By Dino Mahtaniin Johannesburg: Published: November 27 2006 02:00 | Last updated: November 27 2006 02:00

The death of a British oil worker taken hostage in Nigeria’s turbulent oil-producing delta region last week has shattered confidence in counter-militant strategies employed by Nigeria’s military.

Armed gunmen last week kidnapped seven foreign oil workers from a large facility off the coast of the Niger Delta. After they came across a naval patrol, a gun battle ensued, in which the Briton and at least two militants were killed and another expatriate seriously wounded.

Nigeria’s navy has presented the operation as a rescue mission, even claiming it was a success because only one of seven hostages was killed. But security analysts say the death of David Hunt, the first foreign oil worker to be killed in a hostage taking in Nigeria, demonstrates that attempts to counter attacks on the oil industry could put foreign oil workers at risk.

Many industry and security sources say last week’s clash was due to a chance encounter sparked by an escalation of naval patrols in the area.

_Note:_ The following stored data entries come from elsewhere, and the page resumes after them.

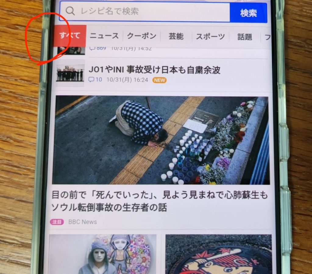 - pixel 7 proはエッジディスプレイとなっています.使っている最中に手が触れてしまうということは自分はありませんが,画面の端が少し丸みを帯びているのが違和感を感じます.下の画像の赤い所が開くサイトによっては気になります.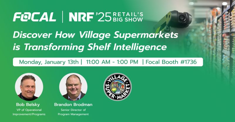 We’re thrilled to announce that Robert Belsky, VP of Operational Improvement/Programs, and Brandon Brodman, Senior Director of Program Management at Village Super Market, will be joining Focal Systems (booth #1736) at NRF 2025 for a Meet & Greet AND Q&A session on Monday, January 13th, from 11:00 AM to 1:00 PM. Discover how Village Supermarkets is revolutionizing retail operations with Focal Systems’ AI-powered shelf cameras, achieving impressive results such as: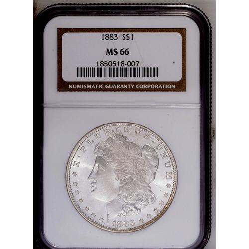 <B>1883<img border='0' src='http://www.heritagecoins.com/images/star.gif' width=10 height=10>$1> MS66 NGC.</B></I> A flashy example with dusty rose on the sharply struck and lightly frosted devices. The fields are essentially untoned and free of significant distractions.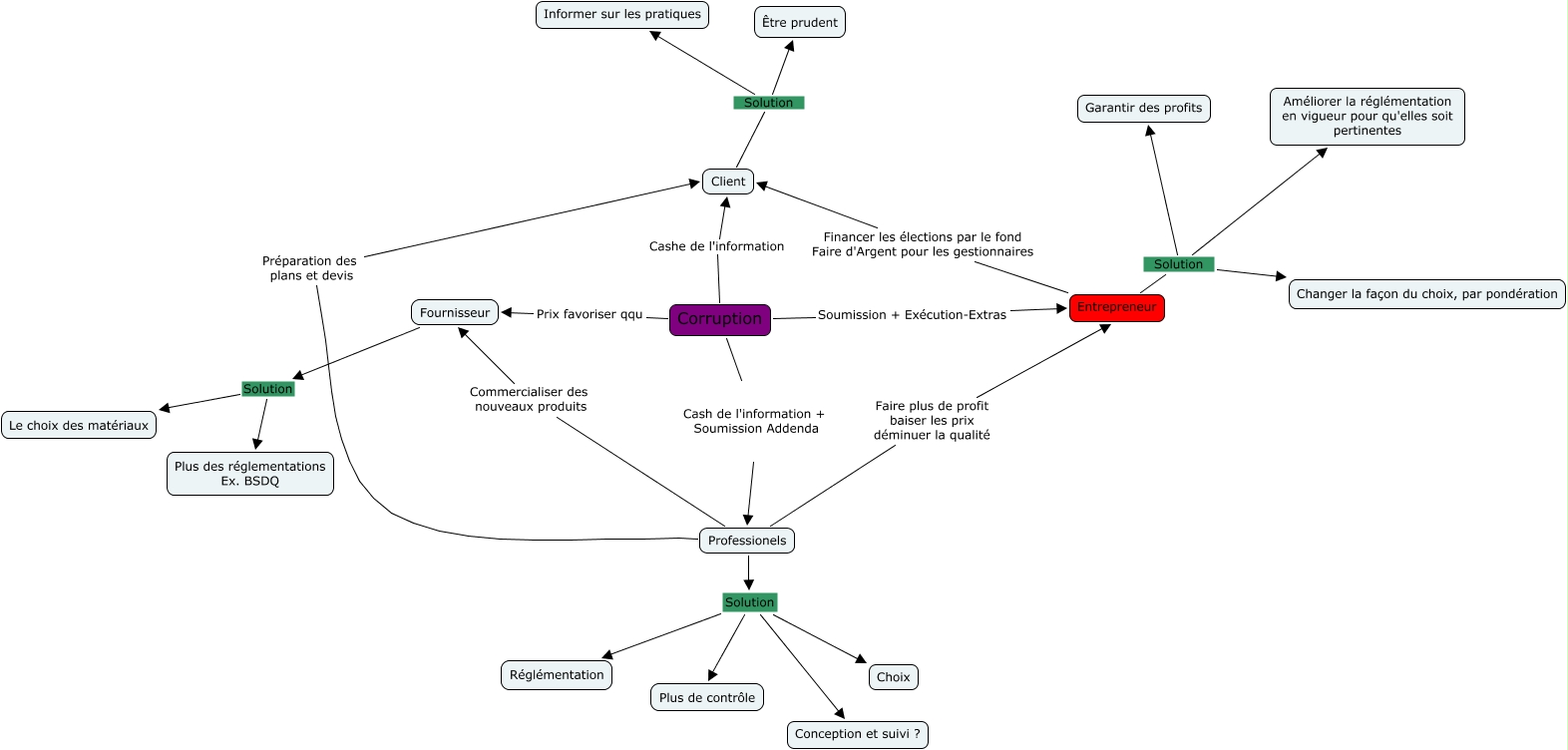 Cette carte de concepts créée avec IHMC CmapTools traite de: Corruption, Corruption Cash de l'information + Soumission Addenda Professionels, Client Solution Être prudent, Fournisseur Solution Le choix des matériaux, Entrepreneur Solution Changer la façon du choix, par pondération, Professionels Solution Réglémentation, Corruption Soumission + Exécution-Extras Entrepreneur, Corruption Cashe de l'information Client, Professionels Faire plus de profit baiser les prix déminuer la qualité Entrepreneur, Fournisseur Solution Plus des réglementations Ex. BSDQ, Corruption Prix favoriser qqu Fournisseur, Professionels Préparation des plans et devis Client, Professionels Commercialiser des nouveaux produits Fournisseur, Professionels Solution Conception et suivi ?, Entrepreneur Solution Améliorer la réglémentation en vigueur pour qu'elles soit pertinentes, Entrepreneur Solution Garantir des profits, Entrepreneur Financer les élections par le fond Faire d'Argent pour les gestionnaires Client, Professionels Solution Choix, Client Solution Informer sur les pratiques, Professionels Solution Plus de contrôle

Mr Hunt’s death could have far-reaching consequences for Nigeria’s oil industry. Insurance premiums for foreign oil workers have been escalating sharply this year, increasing companies’ operating costs.

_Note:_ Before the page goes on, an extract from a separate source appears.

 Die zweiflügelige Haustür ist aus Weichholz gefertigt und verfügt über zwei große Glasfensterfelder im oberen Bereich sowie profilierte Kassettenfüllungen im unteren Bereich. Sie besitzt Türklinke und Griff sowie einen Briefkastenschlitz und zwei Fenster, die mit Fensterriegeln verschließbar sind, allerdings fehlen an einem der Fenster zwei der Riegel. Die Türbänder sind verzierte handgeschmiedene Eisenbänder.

The killing of a Nigerian oil worker in a botched hostage release three months ago, prompted Nigerian oil unions to threaten mass industrial action if they feel the government does not improve security.

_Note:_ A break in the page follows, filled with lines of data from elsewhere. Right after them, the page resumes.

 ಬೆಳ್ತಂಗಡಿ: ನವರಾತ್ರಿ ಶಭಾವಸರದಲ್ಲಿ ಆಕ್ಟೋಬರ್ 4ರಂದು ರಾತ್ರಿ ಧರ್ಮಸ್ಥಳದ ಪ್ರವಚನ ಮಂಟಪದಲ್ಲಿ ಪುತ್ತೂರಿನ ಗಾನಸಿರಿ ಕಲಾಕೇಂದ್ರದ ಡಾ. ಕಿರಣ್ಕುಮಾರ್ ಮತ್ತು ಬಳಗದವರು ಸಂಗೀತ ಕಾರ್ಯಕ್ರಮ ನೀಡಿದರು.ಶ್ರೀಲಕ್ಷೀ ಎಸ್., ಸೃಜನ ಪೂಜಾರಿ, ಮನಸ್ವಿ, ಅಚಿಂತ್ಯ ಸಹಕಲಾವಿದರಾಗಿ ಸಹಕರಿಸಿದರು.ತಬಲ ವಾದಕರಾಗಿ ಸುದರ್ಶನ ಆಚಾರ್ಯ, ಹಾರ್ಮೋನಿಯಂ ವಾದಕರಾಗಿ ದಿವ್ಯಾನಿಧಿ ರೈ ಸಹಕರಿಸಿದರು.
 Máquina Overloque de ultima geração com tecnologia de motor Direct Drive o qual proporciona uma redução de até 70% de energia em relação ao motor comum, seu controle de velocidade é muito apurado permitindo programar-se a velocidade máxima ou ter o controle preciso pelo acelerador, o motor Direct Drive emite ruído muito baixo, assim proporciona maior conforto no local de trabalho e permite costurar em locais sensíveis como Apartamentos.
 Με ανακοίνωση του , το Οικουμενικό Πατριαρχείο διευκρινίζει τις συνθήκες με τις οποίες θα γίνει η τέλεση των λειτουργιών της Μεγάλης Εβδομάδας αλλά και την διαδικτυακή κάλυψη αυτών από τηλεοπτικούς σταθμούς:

Though oil unions rarely carry out such threats, hundreds of workers have been withdrawn from the delta after attacks on facilities.

Industry analysts fear that attacks and hostage takings could increase.

Many delta armed groups, created by politicians to help rig elections in 2003, are expected to step up their activities as they ahead of Nigeria’s national elections in April.

Militant attacks early this year forced the world’s eighth-largest oil exporter to shut a quarter of its output, while the number of kidnaps for ransom has escalated.

In response, Olusegun Obasanjo, Nigeria’s president, asked the military to meet militant activity “force for force”.

A top Nigerian security source told the Financial Times that the government’s priority was to protect oil facilities, as it is a major shareholder in multinational oil operations and the military is mandated to defend national assets.

The source said Nigerian security agencies were paying large sums of cash to obtain information from informants close to militants, to anticipate and repel militant attacks.

Industry and security sources said the strategy, which increases the likelihood of patrols chancing on militant operations, was working to some degree. This month, naval personnel repelled an attack on a facility run by Shell, Nigeria’s largest oil producer.

But industry sources said that it would heighten the risk that foreign oil workers could be caught in crossfire, particularly if kidnappings continue. Until now, they have been released afternegotiations involving cash payments and promises of community development.